The study randomized 615 patients with clear cell RCC to receive sunitinib (n = 309) or placebo (n = 306). Patient characteristics were well balanced between the arms. The median age of patients in the sunitinib arm was 57 years, and most were males (71.8%). Most patients had an ECOG performance score of 0 (73.8%).

Overall, 90.6% of those in the sunitinib arm had a stage 3 tumor, with no nodal involvement and no metastasis. Of these patients, 37.2% were considered low-risk (any Fuhrman grade and ECOG score of 0 or Fuhrman grade 1 and ECOG score of ≥1) and 53.4% were high-risk (Fuhrman grade ≥2 and ECOG score of ≥1).

Sunitinib was administered at 50 mg daily for 4 weeks followed by 2 weeks without treatment. One dose reduction was allowed in the study, to 37.5 mg per day. Overall, more than half of patients (54.2%) were able to maintain treatment with the starting dose of 50 mg per day. The median daily dose was 45.9 mg.

After 3 years, 64.9% of those in the sunitinib group were alive and remained disease-free compared with 59.5% in the placebo arm. At 5 years, the DFS rate was 59.3% with sunitinib versus 51.3% for placebo. Median overall survival findings were not yet mature at the time of the analysis; however, the hazard ratio between the two arms for survival was 1.01 (95% CI, 0.72-1.44; P = .94).

The investigator assessed median DFS in the sunitinib arm was 6.5 years compared with 4.5 years with placebo (HR, 0.81; 95% CI, 0.64-1.02; P = .08). In higher risk patients, the median DFS by investigator assessment was 5.9 versus 3.9 years for sunitinib and placebo, respectively (HR, 0.76; 95% CI, 0.58-1.01; P = .06).
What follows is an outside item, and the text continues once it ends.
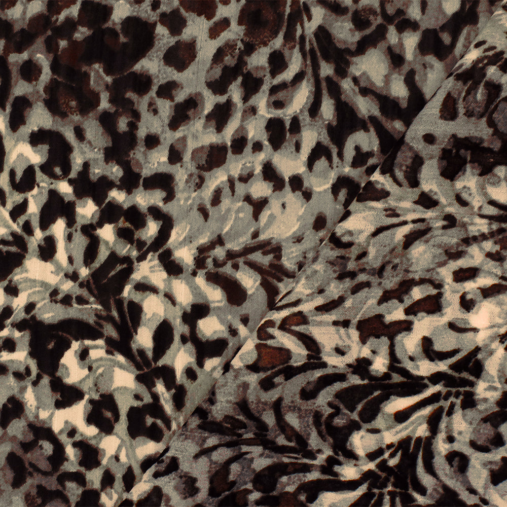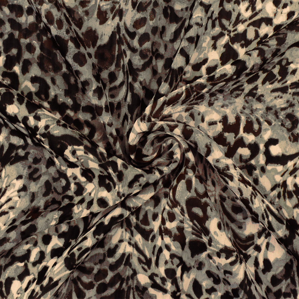 Brown-Gray-Multi Abstract Printed Poly Chiffon Woven Fabric

Treatment-emergent AEs were experienced by 99.7% of patients treated with sunitinib versus 88.5% in the placebo arm. Treatment-emergent AEs by investigator assessment occurred in 98.4% of those treated with sunitinib versus 75.7% with placebo. AEs led to discontinuation for 28.1% of patients in the sunitinib arm versus 5.6% of those in the placebo group.

The most common AEs in the sunitinib arm were diarrhea (56.9%), palmar–plantar erythrodysesthesia (50.3%), hypertension (36.9%), fatigue (36.9%), and nausea (34.3%). The most common grade 3/4 AEs were palmar–plantar erythrodysesthesia (16%), neutropenia (8.5%), hypertension (7.8%), and thrombocytopenia (6.2%). The rate of serious adverse events AEs was similar for sunitinib (21.9%) versus placebo (17.1%).

References

  1. Ravaud A, Motzer RJ, Pandha HS, et al. Adjuvant Sunitinib in High-Risk Renal-Cell Carcinoma after Nephrectomy [published online October 10, 2016]. N Engl J Med. DOI: 10.1056/NEJMoa1611406.
  2. Ravaud A, Motzer RJ, Pandha HS, et al. Phase III trial of sunitinib (SU) vs placebo (PBO) as adjuvant treatment for high-risk renal cell carcinoma (RCC) after nephrectomy (S-TRAC). Presented at: 2016 ESMO Congress; October 7-11, 2016; Copenhagen, Denmark. Abstract for LBA11.